/---
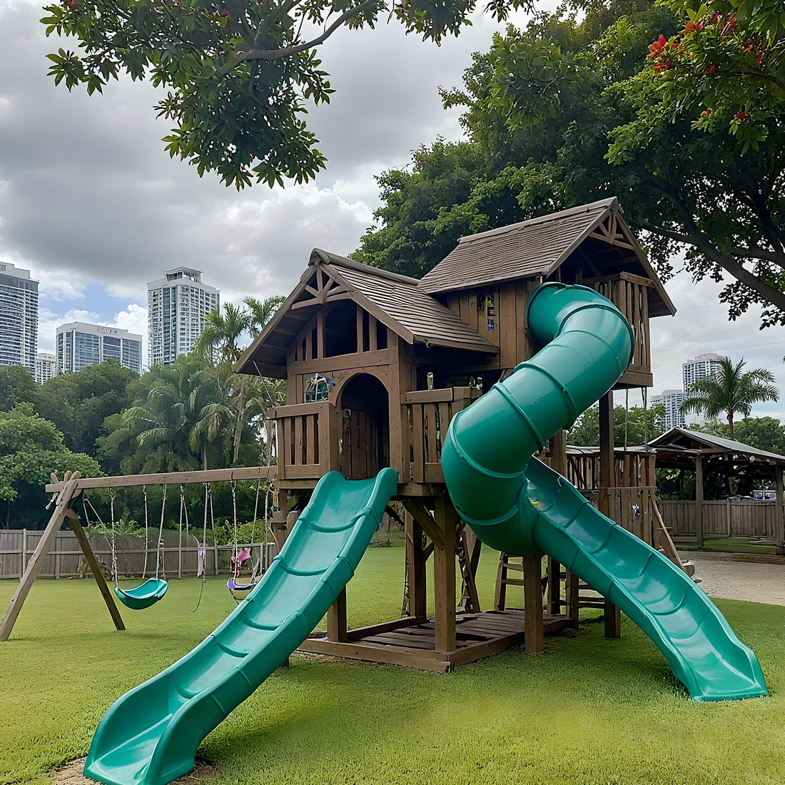 Heavy-Duty Wooden Swingset with Spiral Tube Slide & Double Swings
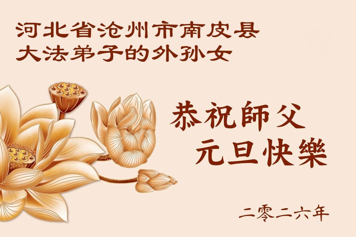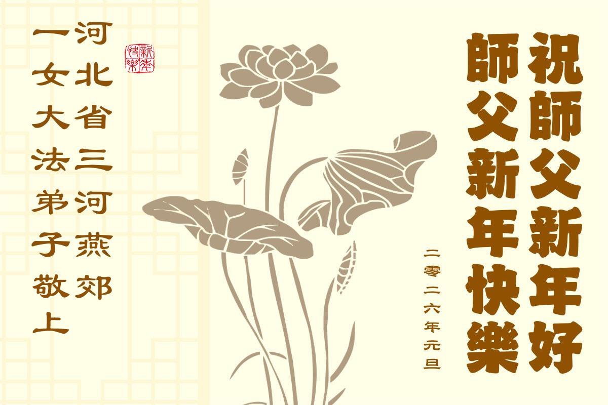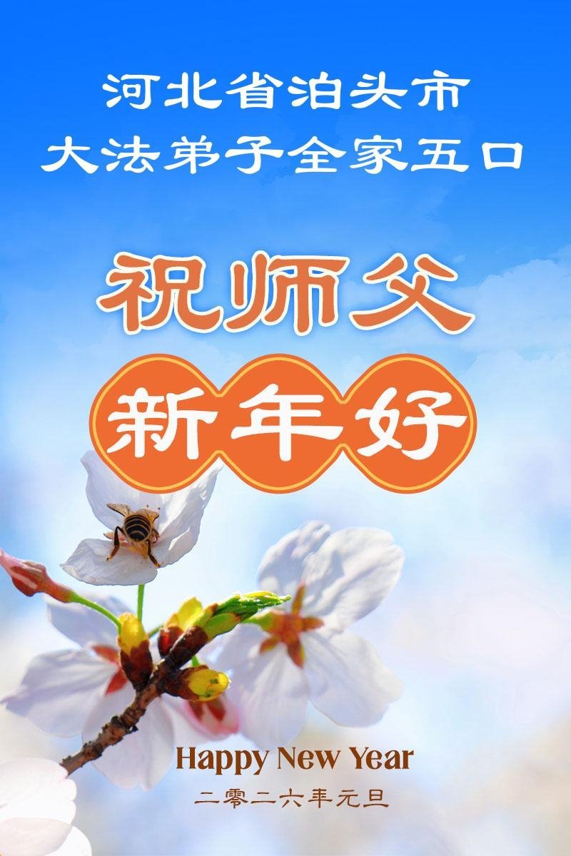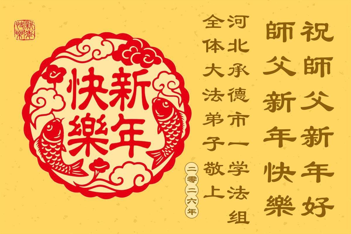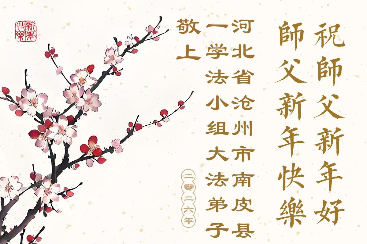 Falun Dafa praktikanti iz provincije Hebej s poštovanjem žele Učitelju Li Hongdžiju srećnu Novu godinu (108 čestitki)
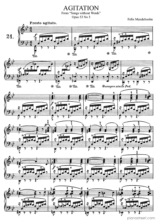 Downloadable piano sheet music from Songs Without Words by Felix Mendelssohn to print: Agitation Op. 53 No. 3 in G Minor (published in 1841)
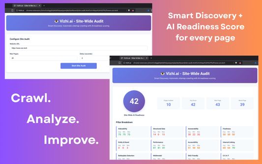 Vizhi.ai is a 100% local browser extension that audits any webpage and tells you how ready it is for the AI era. In just one click, you’ll get a complete AI Readiness Score (0-100), backed by evidence, fixes, and insights across 12 powerful pillars.
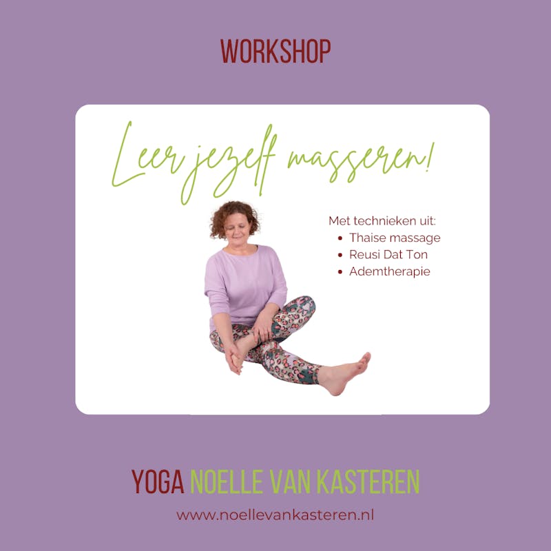 Tijdens deze workshop leer je hoe je door verschillende manieren van masseren met jezelf in contact kan komen. Technieken uit de Thaise massage, Reusi Dat Ton en yoga-ademhaling helpen daarbij. Een heerlijke middag voor jezelf!Β
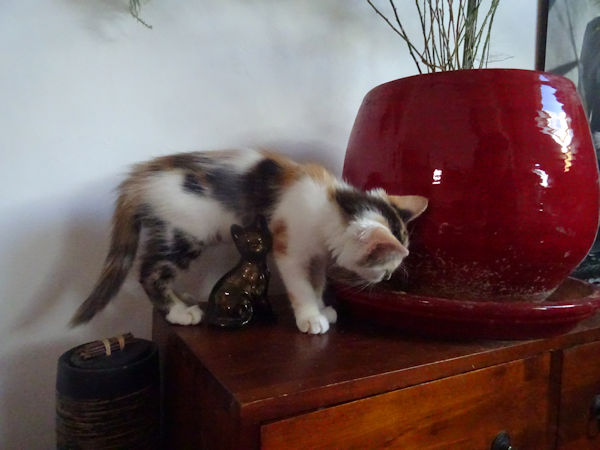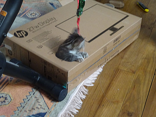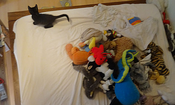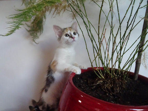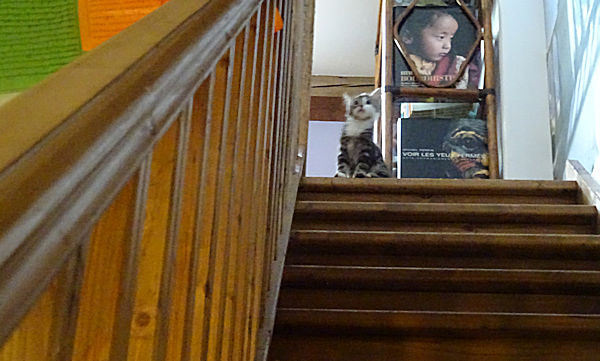 Les chats, ça aime explorer le territoire auquel ils ont accès. Et, depuis quelques jours, les chatons ont accès en plus de notre chambre à celle d’Enzo qui, elle-même, permet d’aller dans les combles. Ce qui leur fait un nouvel univers immense (par rapport à leur taille).
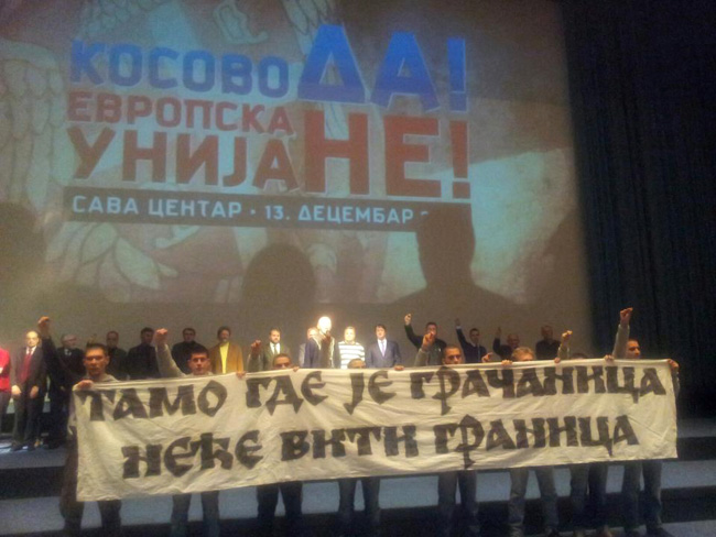 УЧЕСНИЦИ СКУПА „КОСОВО ДА! ЕВРОПСКА УНИЈА НЕ!” НА ПРЕКИД ЕВРОПСКИХ ИНТЕГРАЦИЈА И ОТПОР „ИЗДАЈНИЧКОЈ ВЛАСТИ” У БЕОГРАДУ
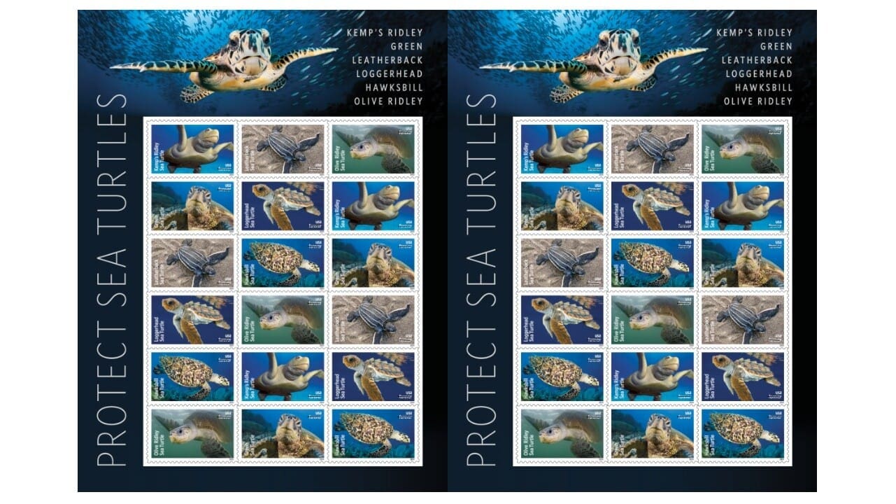 The U.S. Postal Service will celebrate the majesty of marine turtles with Protect Sea Turtles, new stamps aimed at raising awareness of the plight of six endangered species dependent on U.S. coastal waters.
\---
Description of the task: Everything above from the line that has "Downloadable piano sheet" down to the line that has "Vizhi.ai is a" should be output exactly, with both of those lines included. Leave the pictures behind.

Result for this task:
 Downloadable piano sheet music from Songs Without Words by Felix Mendelssohn to print: Agitation Op. 53 No. 3 in G Minor (published in 1841)
 Vizhi.ai is a 100% local browser extension that audits any webpage and tells you how ready it is for the AI era. In just one click, you’ll get a complete AI Readiness Score (0-100), backed by evidence, fixes, and insights across 12 powerful pillars.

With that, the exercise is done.